What Saturn’s techno-satellite’s final months mean.
The Cassini spacecraft has been conducting cosmic espionage and revealing Saturnian secrets, since arriving at its orbital destination, in 2004.
Most recently, the NASA-ESA-ASI technical spectacle dove between the rings and planetary body of our celestial ‘hood’s Jovian jewel, sauntering past at a casual 70, 000mph, just 1, 900 miles from the planet itself. The bold nosedive is the first of its kind and marks the beginning of Cassini’s 22-orbit grand finale, which will culminate in all new data for everyone (yay!), before its sacrificial plunge into Saturn’s hydrogen-rich atmosphere in September 2017 (wahhhh).
But, Cassini aint no newbie. The tenacious space probe has been delivering the goods for the past 13 years and, in honour of its nigh-internet-breaking moment in the spotlight, (the Twittersphere has been blowing up with animations, raw images, and real-time updates), we’re celebrating the aeronautical achievement , before its demise in the skies, later this year.

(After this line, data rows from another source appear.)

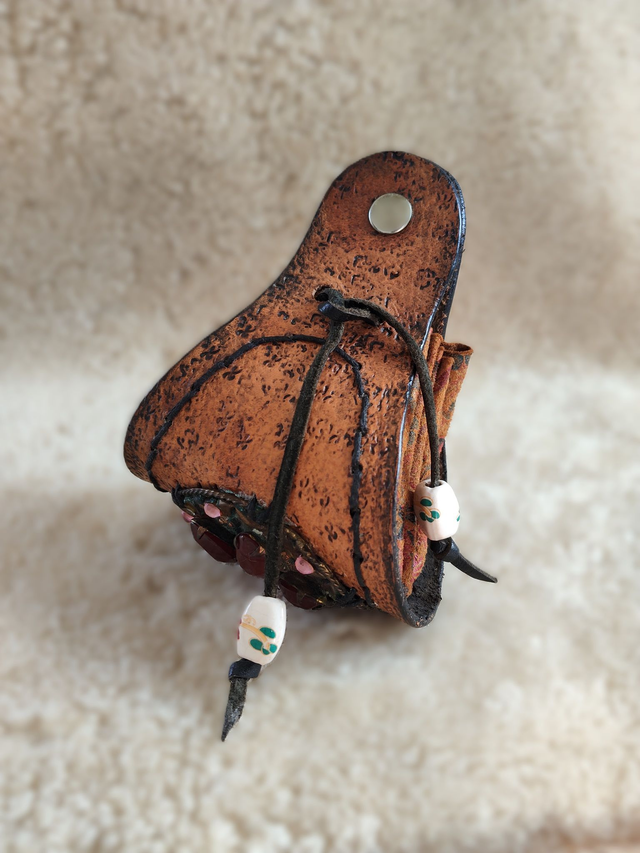 Petite bourse aumonière tout cuir avec pour base un cabochon de métal vieilli spectaculaire en pierres serties .Double fermeture pression et lien de cuir. H10cm sur Base 8cm. Marron.
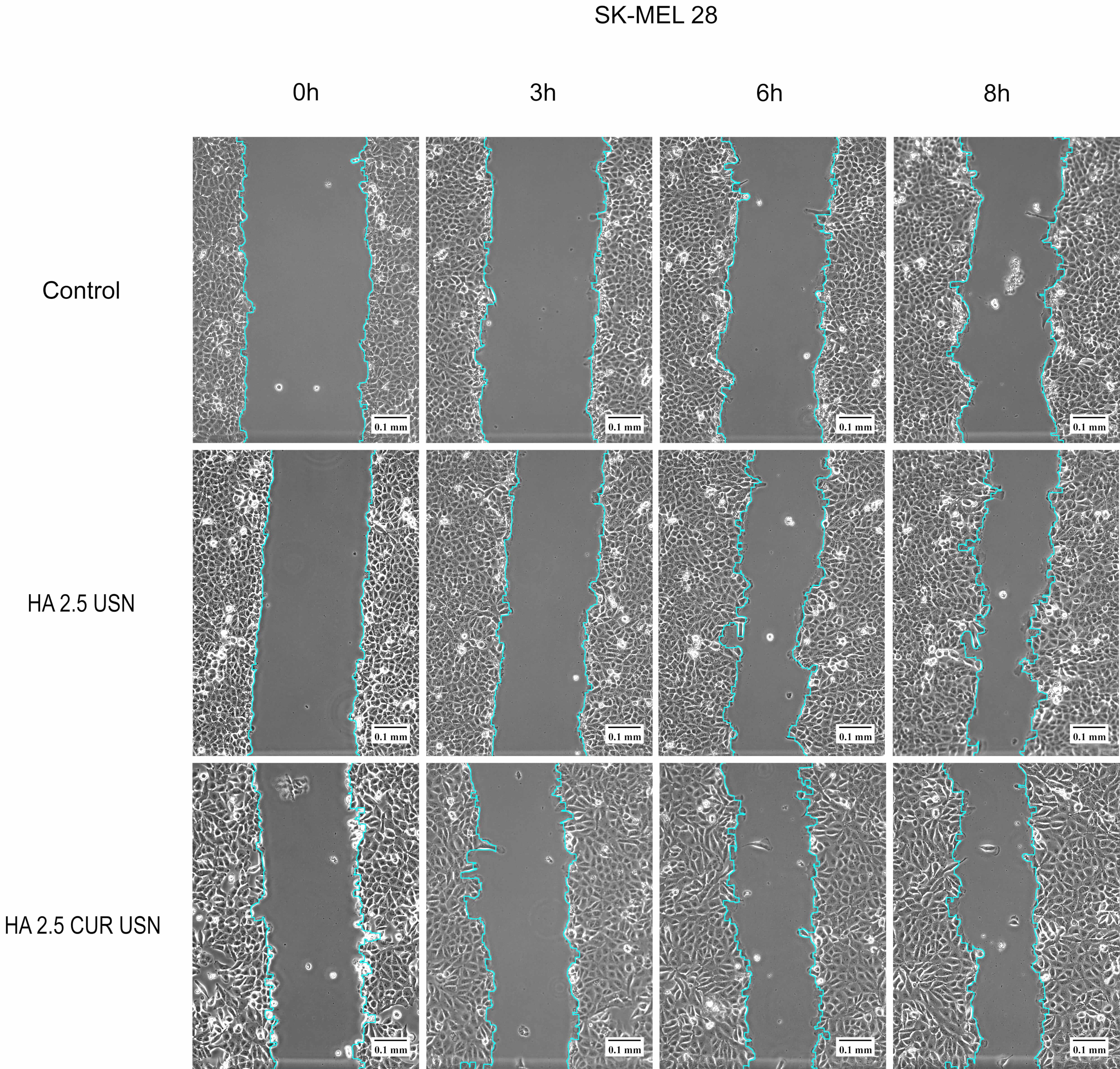 Representative image of a monolayer of SK-MEL 28 melanoma cells with scratches after incubation with HA 2.5 CUR USN and HA 2.5 USN samples at a concentration of 100 µg/mL for 0, 3, 6, 8 h. Fixation of the scratch area. The edges of the scratch are outlined with a turquoise curve. Scale bar = 0.1 mm.
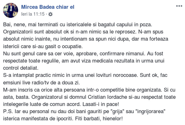 "Bai, nene, mai terminati cu istericalele si bagatul capului in poza. Organizatorii sunt absolut OK si n-am nimic sa le reprosez. N-am spus absolut nimic inainte, nu intentionam sa spun nici dupa, dar ma forteaza istericii care si-au gasit o ocupatie. Nu sunt genul care sa cer voie, aprobare, confirmare nimanui. Au fost respectate toate regulile, am avut viza medicala rezultata in urma unui control detaliat. S-a intamplat practic nimic in urma unei lovituri norocoase. Sunt OK, fac emisiuni live radio/tv de a doua zi. M-am inscris ca orice alta persoana intr-o competitie bine organizata. Si cu asta, basta. Organizatorul si domnul Cristian Iordache si-au respectat toate intelegerile luate de comun acord. Lasati-i in pace! P.S. Iar eu personal nu dau doi bani gauriti pe «grija» sau «ingrijorarea» isterica manifestata de ipocriti. Fiti barbati, hienelor!", a scris Mircea Badea pe Facebook, potrivit adevarul.ro.
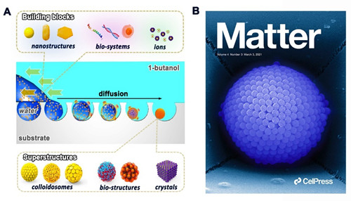 图1.(A)微球超结构的限域乳化自组装策略示意图;(B)封面图。
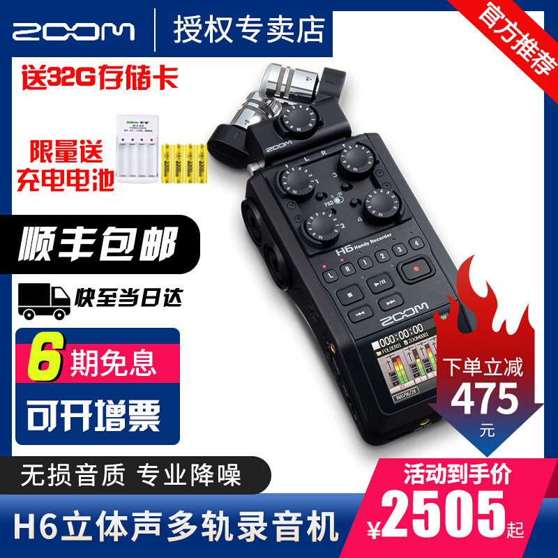 Zoom Recorder H6 Портативная портативная портативная смеситель цифровой рекордер записывает SLR Синхронная запись Внутренняя запись

Although all eyes are on the hypnotic robotic RN, the intrepid solar system surveyor’s mission has indeed been fruitful, fascinating, and – in some cases – fantastical (is there life on Enceladus 👀 ?). Thus, it’s imminent collision is decidedly heart-breaking, but a tantalising frontier of new data and unprecedented exploration awaits. From an up-close-and-personal peek at the dense ammonia cloud tops (which will be seen 10x closer than ever before), to the precious 60 seconds of communication that will follow Cassini’s nip behind Saturn’s atmospheric curtain, before the spacecraft’s ability to return signals home is lost forever, the final months of this unique mission are set to be an emotional rollercoaster.
While Voyager 1 and 2 surge through interstellar space (currently at 138 and 113 AU, respectively, from home), we’ve ticked off lunar landings, Martian meanderings, jaunts around Jupiter, and unprecedented Saturnian surveillance. It’s impossible to ignore the fact that, with each new mission, we are not only going further than ever before, we’re also forming deeper understandings than ever before.
If nothing else, one of the most profound extrapolations of all cosmic voyages made insofar, is that none of it would have been possible without a combined humanitarian effort, and the successful understanding, application, and cooperation of the unerring laws of physics. This respect for, and utility of, natural science, has provided yet another stepping stone into what was once the unknown.